Carnegie Mellon University

Siri

March 31, 2020

Recognizing Speech Recognition

By Madison Brewer

Krista Burns

Speech-to-text translation has come a long way, but anyone with a smartphone capable of the feature knows it still has some way to go. Fortunately, Richard Stern, a professor in the department of electrical and computer engineering, and his group research new ways to improve speech recognition software and have created an algorithm that introduces a new feature: power-normalized cepstral coefficients (PNCC). This work was part of Stern’s graduate student Chanwoo Kim’s doctoral thesis. Kim now serves as a vice president at Samsung Corporation in South Korea.

The IEEE Signal Processing Society, a worldwide organization committed to advancing this area of science, honored Stern and Kim with a 2019 Best Paper Award for their 2016 paper on PNCC. The award will be presented at the IEEE International Conference on Acoustics, Speech, and Signal Processing (ICASSP) to be held in May 2020 in Barcelona.

Stern said he was honored to be given this award.

“There still is this real satisfaction from having an idea and having the idea be right, having useful results come from that,” Stern said. “It's very nice to have that recognition, even for a moment.”

Stern attempts to use knowledge of human auditory processing to guide his algorithm design, so PNCC is specifically structured to mimic some of our brain’s methods of interpreting words from soundwaves.
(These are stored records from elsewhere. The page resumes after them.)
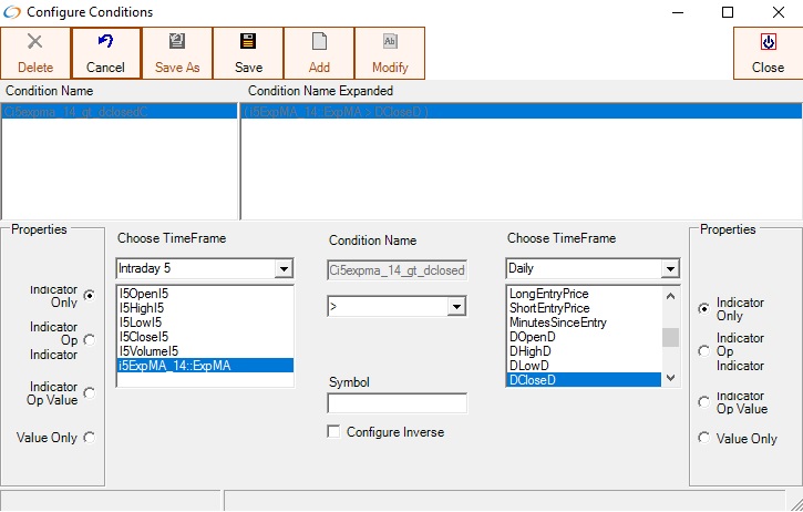 The Exponential Moving Average can be used in conditions
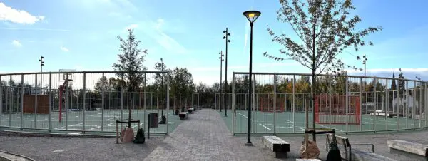 Cable Box vid Alléskolan i Malmö är en robust och funktionell konstruktion i rostfritt stål, utvecklad för lång livslängd och minimal underhållsinsats. Arenan är utrustad
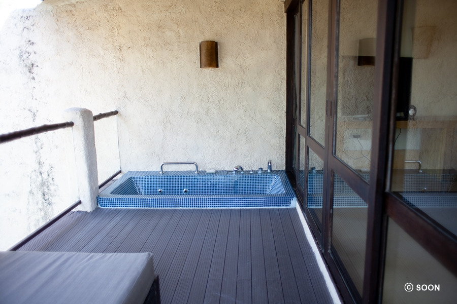 우리가 묵었던 숙소는 총 2층으로 된 빌라였고, 1층은 거실처럼 꾸며져 있었다. 메인룸은 2층이었고, 2층 베란다에는 자쿠지 욕조도 있었다. 숙소에 문의했을 때, 우리는 2명인데 트윈룸을 배정해 달라고 했었다. 한데 이곳은 대부분 커플이 방문해서 인지 트윈베드가 없었고, 그 대신 베드를 하나 더 넣어주신다고 하길래 1층에 베드를 하나 부탁드렸다.
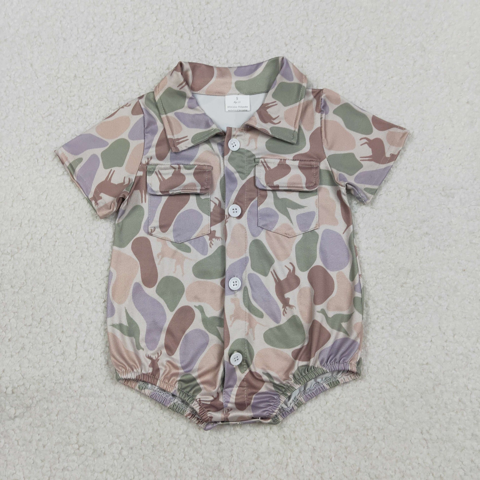 2.7 RTS NO MOQ (In stock)SR3544 Baby Boys Ducks Dogs Deer Camo Pockets Button Hunting Rompers
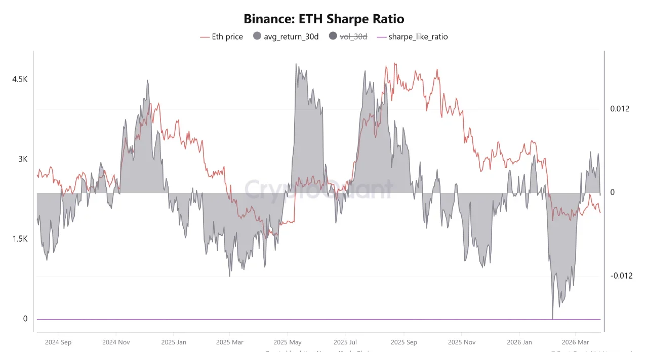 Zooming out to the on-chain analytics layer, CryptoQuant data tells a less flattering story about ETH as a risk-adjusted holding over the past month. The 30-day average return for Ethereum on Binance stands at −0.00039, and the resulting Sharpe-like ratio has dipped to approximately −0.0012.
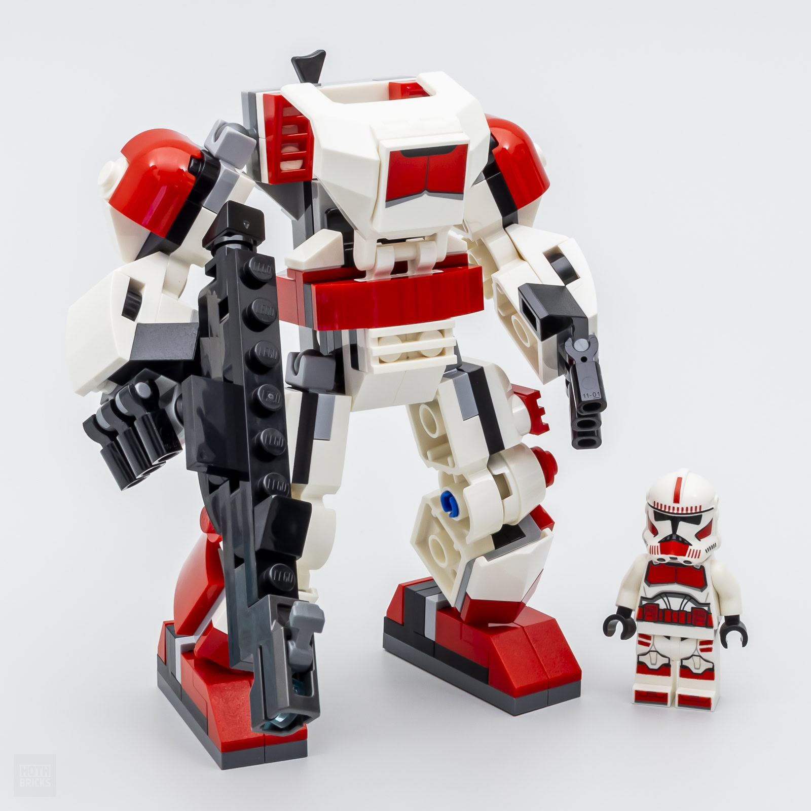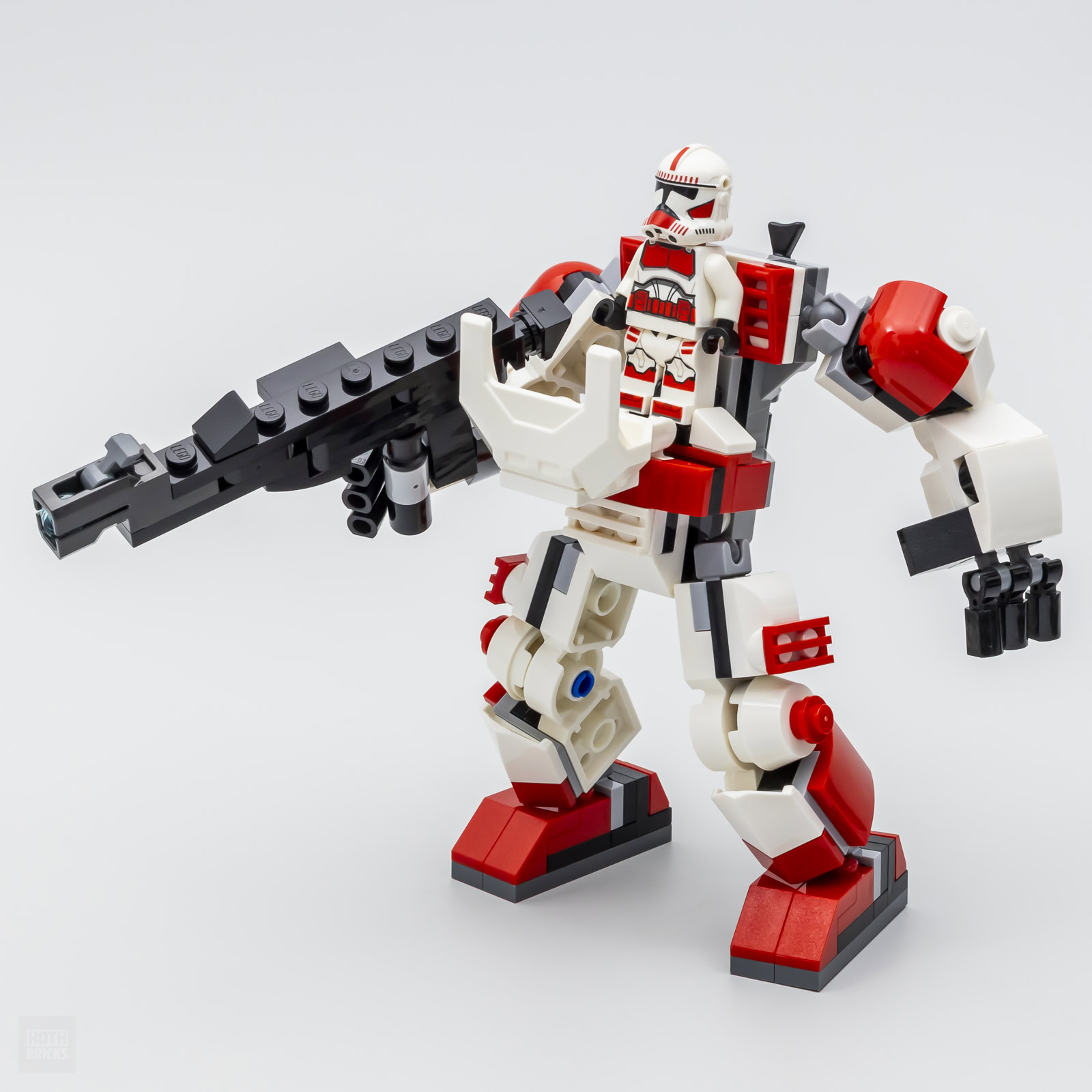 Ici, la construction est associée à un Clone Shock Trooper dont elle reprend les codes et les coloris de l'armure. C'est plutôt bien fait si on oublie les genoux et les coudes fixes ainsi que les rotules grises qui restent bien visibles et si on peut souvent remettre en cause l'intérêt pour le personnage concerné d'avoir sous la main un mech, surtout si le héros en question est doté de super pouvoirs, cette déclinaison ne me semble finalement pas totalement hors sujet.
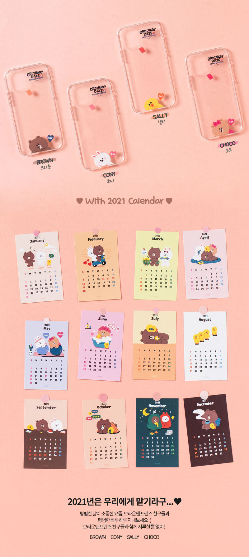 韓國訂購!LINE官方授權卡通人物2021 Calender Case (iPhone 12)
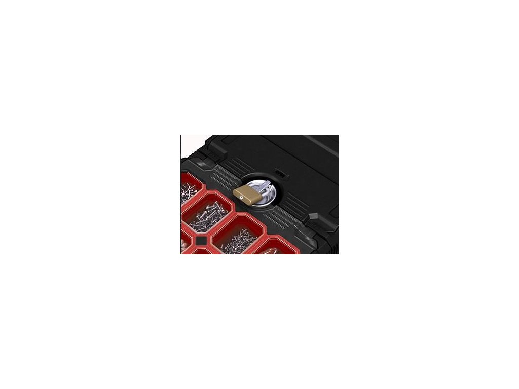 Posuvný systém udržuje všechny dílky v perfektním pořádku. Zároveň však nezvětšuje rozměry organizéru, který zůstává kompaktní a přehledný. Horní část se díky kuličkovému ložisku snadno otevře posunutím do stran. Odkryje tak středový prostor ideální pro nářadí.
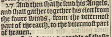 27 And then shal he send his Angels, and shall gather together his elect from the foure winds, from the vttermost part of the earth, to the vttermost part of heauen.
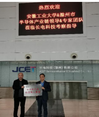 下午,学院一行先后参观了长电科技(滁州)有限公司、立讯精密工业(滁州)有限公司、滁州惠科光电科技有限公司,并且和各企业的负责人进行交流座谈,向企业介绍学院专业设置和人才培养特点以及科研方向和团队,听取企业在专业人才和科技攻关方面的需求。学院在长电科技(滁州)有限公司举行了“半导体产业协同育人基地”授牌仪式。
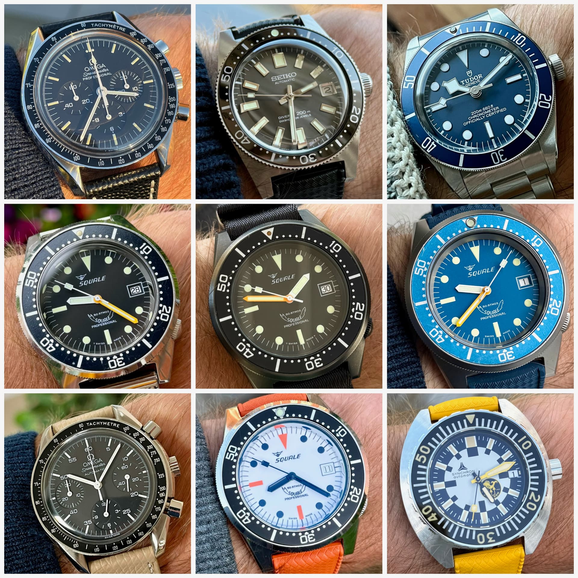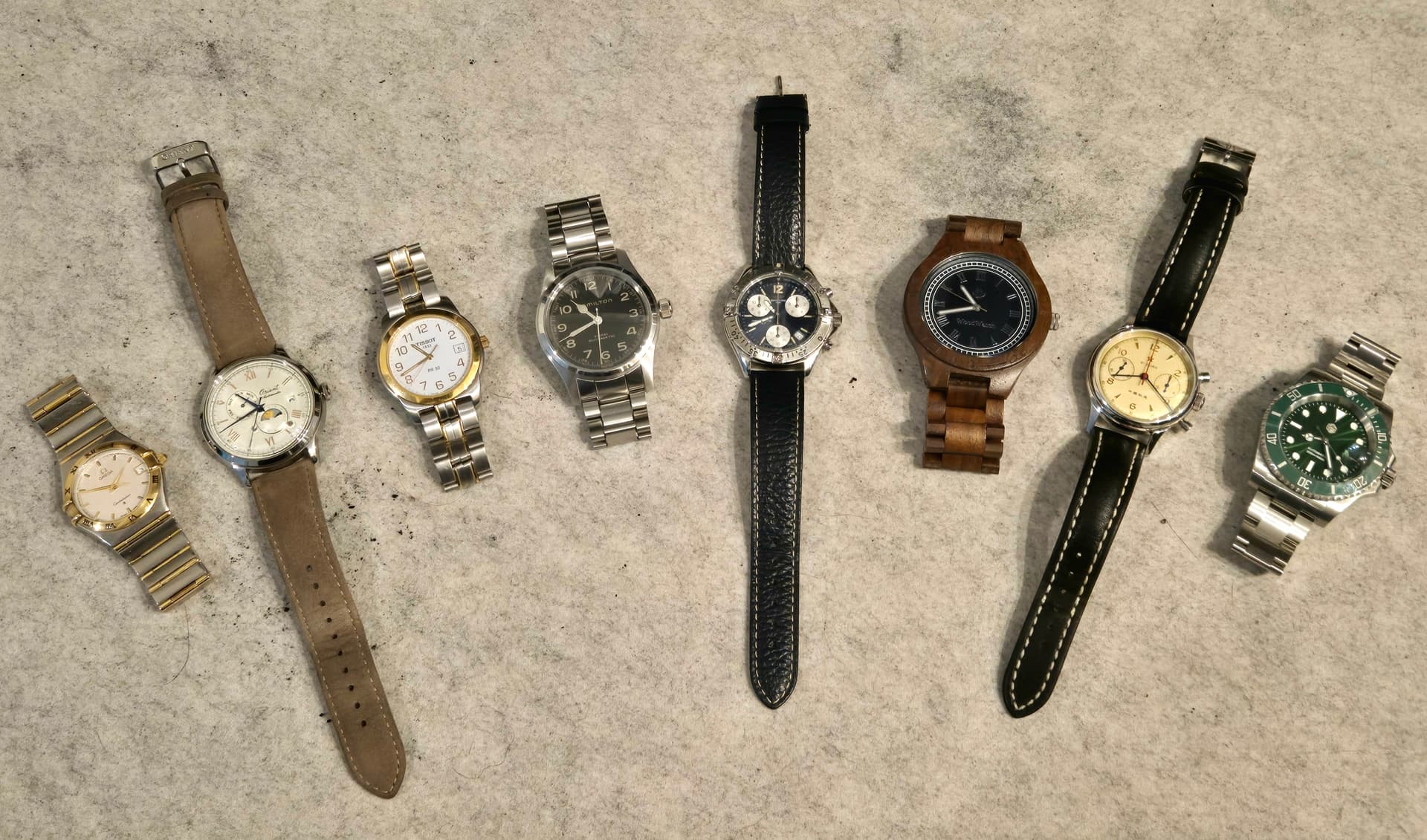 Ze allemaal eens samen gelegd op hun huidige horlogebanden. Eerlijkheid gebiedt mij te zeggen dat de Omega (van mijn vader) niet gedragen wordt wegens te klein voor mijn pols. De Tissot (ook van hem geweest) wordt ook enkel op momenten voor hem gedragen. De San Martin zal er waarschijnlijk op termijn wel uitgaan voor een echtere duiker. Alleen, welke? Er is zoveel keuzs. En misschien is er nog een plekje voor een GMT.
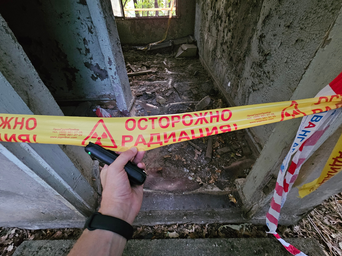 Но самое впечатляющее нас ждало впереди! Рядом с сарайчиком мой товарищ обратил внимание на обширную территорию оцепленную жёлтой информационной лентой, при приближении к которой дозиметр нервно увеличивал свой треск.
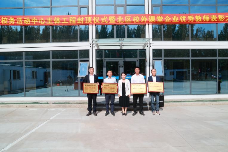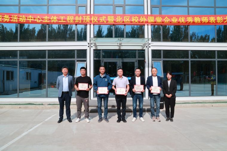 金秋送爽、枫红菊黄,9月17日上午,学校校务活动中心主体工程封顶仪式暨北区校外课堂企业优秀教师表彰大会在学校北区建设工地举行。建筑管理工程系党总支书记、系主任徐明,基建办主任崔晓东,教务处副处长郝丽娜,机电工程系党总支副书记于海龙,中国能源建设集团东北电力第二工程有限公司项目执行经理张德志、项目经理董立家,中建二局第四建筑工程有限公司乐投app官方在线入口项目指挥长战乃超、项目书记郑永会,齐恩消防公司副总经理王玉,黑龙江龙至信工程项目管理有限公司总经理赵双,齐齐哈尔市建设工程质量检测中心总经理刘喜星以及部分企业和学生代表参加。
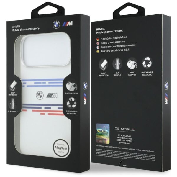 The case from the BMW M Silicon Horizontal Line MagSafe collection is made of high-quality liquid silicone , which ensures a secure grip and effectively protects the device against falls and scratches.
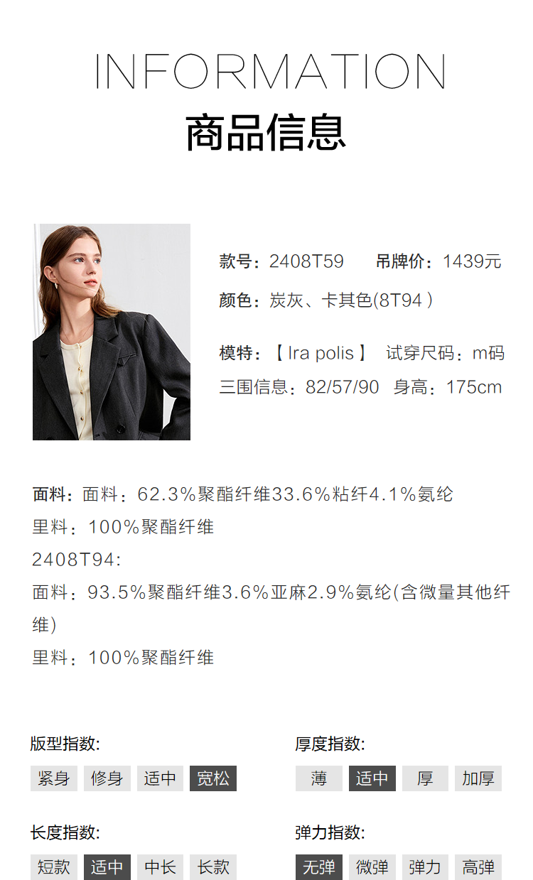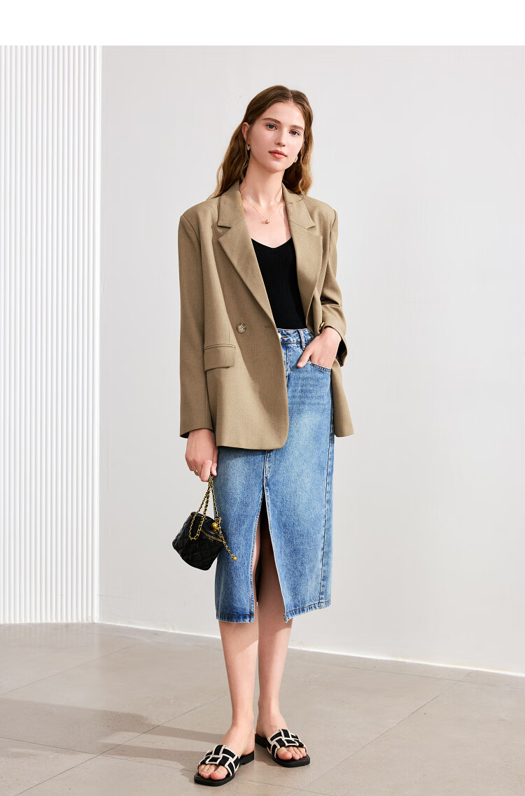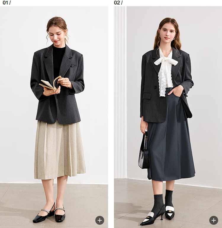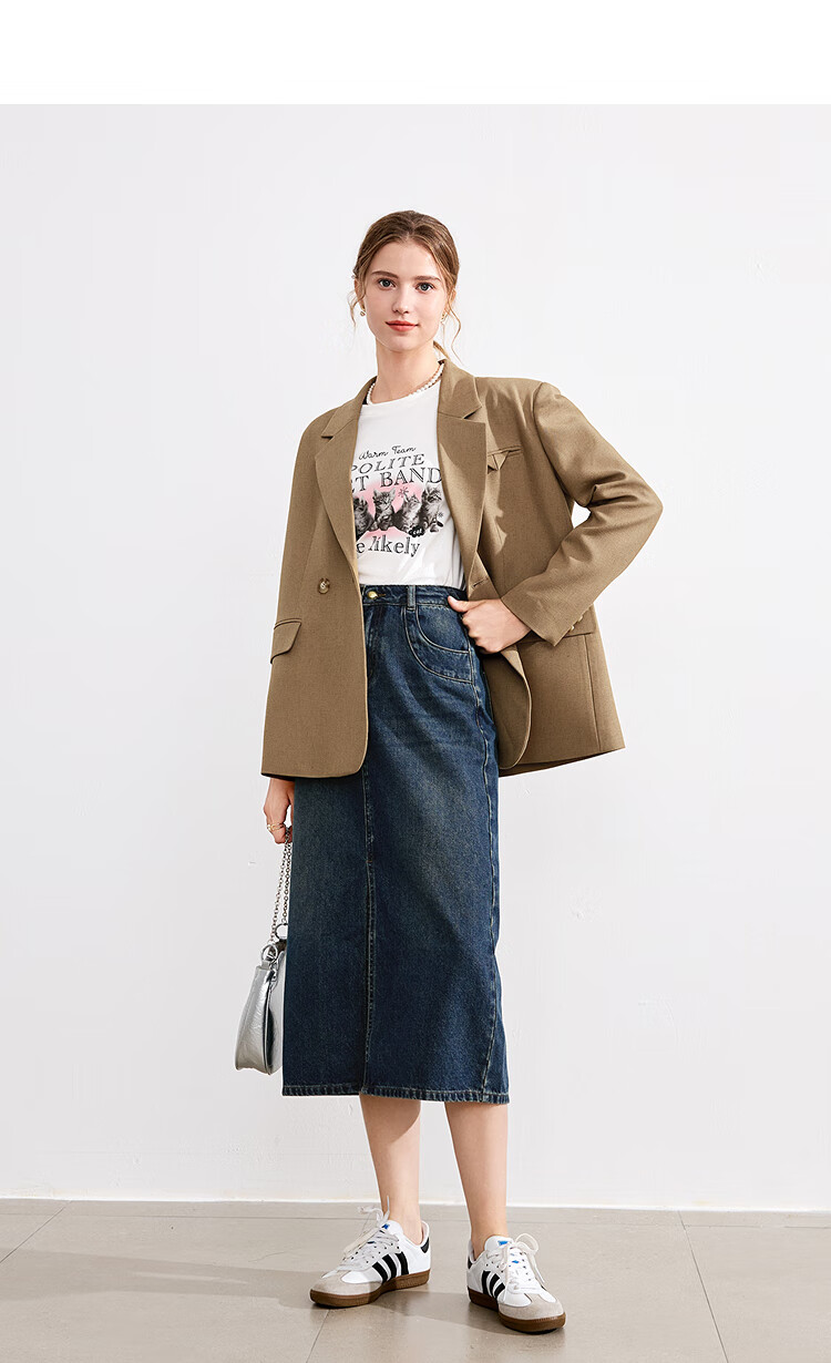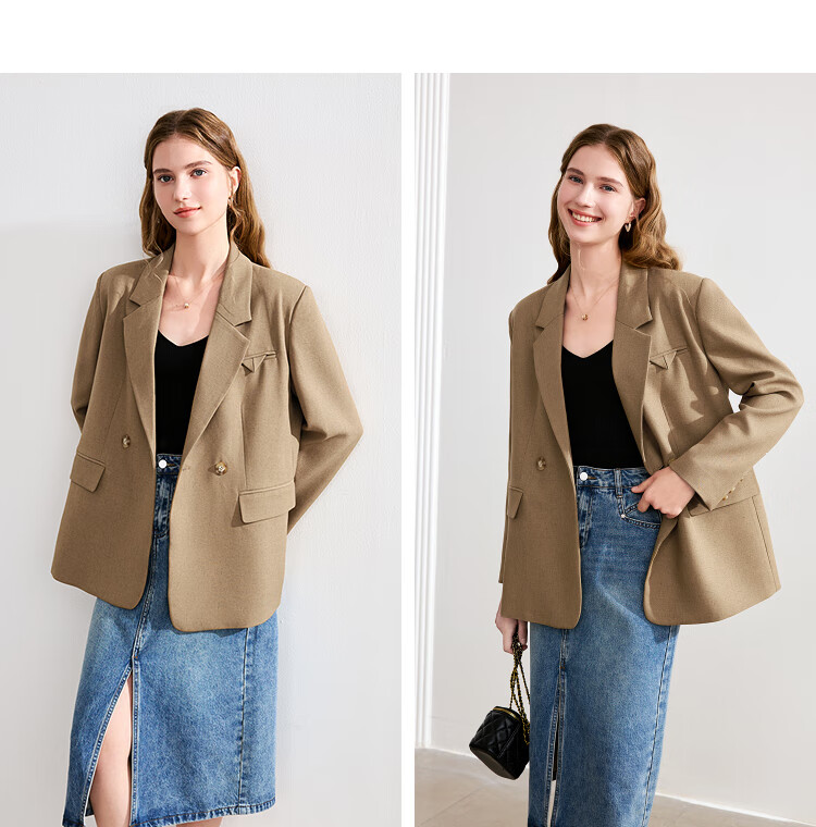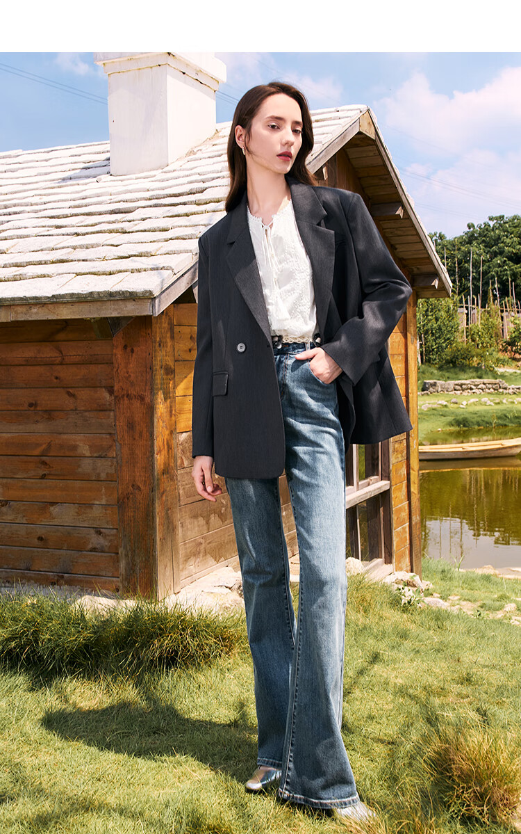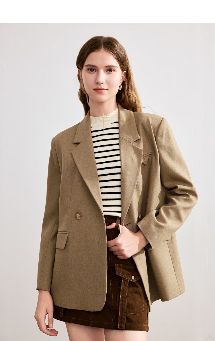 Betu women's autumn new suit lapel fashionable versatile silhouette suit jacket 2408T59 charcoal gray S

Stern’s research, funded by the National Science Foundation and Samsung, provides a new algorithm for the features of sound that speech recognition software uses to guess what words have been spoken. These features are designed to better recognize words spoken in difficult environments such as additive noise, traffic, background music, speaker interference, and reverberation. Stern said he focused especially on reverberation and other people talking in the background because these are especially difficult conditions for speech recognition.

“This is what robustness is intended to refer to,” Stern said. “Speech recognition systems should just work under any circumstance, regardless of what the acoustical environment might be.” 

Stern and Kim’s algorithm contains a unique feature called “medium-time processing.” One of the fundamental tradeoffs in signal analysis is choosing between a precise time measurement or a precise frequency measurement. While most speech recognition software works using short-time processing– sacrificing frequency precision – Stern and Kim supplement the short-time processing with a longer time analysis they call medium-time processing. Using medium-time processing, they can estimate the statistical characteristics of the background noise. These characteristics change slowly, so a precise time measurement isn’t needed, enabling a more precise frequency measurement. The PNCC coefficients are developed at both time scales: short-time for characterizing speech and longer-time for characterizing the environment.

Word recognition accuracy is the most important assessment of speech recognition software. In most cases, PNCC provides better recognition accuracy than other algorithms. Unfortunately, this comes with a slightly more costly computation. Computational cost is related to how long it takes for an algorithm to run — an algorithm that is too costly will be too complex for real-world use. According to Stern, PNCC processing is not substantially more costly than other algorithms. Furthermore, he says the increased cost is well worth the improved results. 

“If you do everything with all the bells and whistles, it might be one and a half to two times the original cost,” Stern said. “But the overall cost of signal processing nowadays is just a tiny fraction of the overall computational load.”

Stern said the most important feature of his research is the interplay between engineered speech recognition technology and the science of human auditory processing.

“The performance that we're getting is a consequence of applying principles based on what we know about auditory perception to this very engineering problem of speech recognition,” Stern said. “I think that this kind of success speaks to the benefit of...bringing together information, knowledge, and wisdom from multiple disciplines.”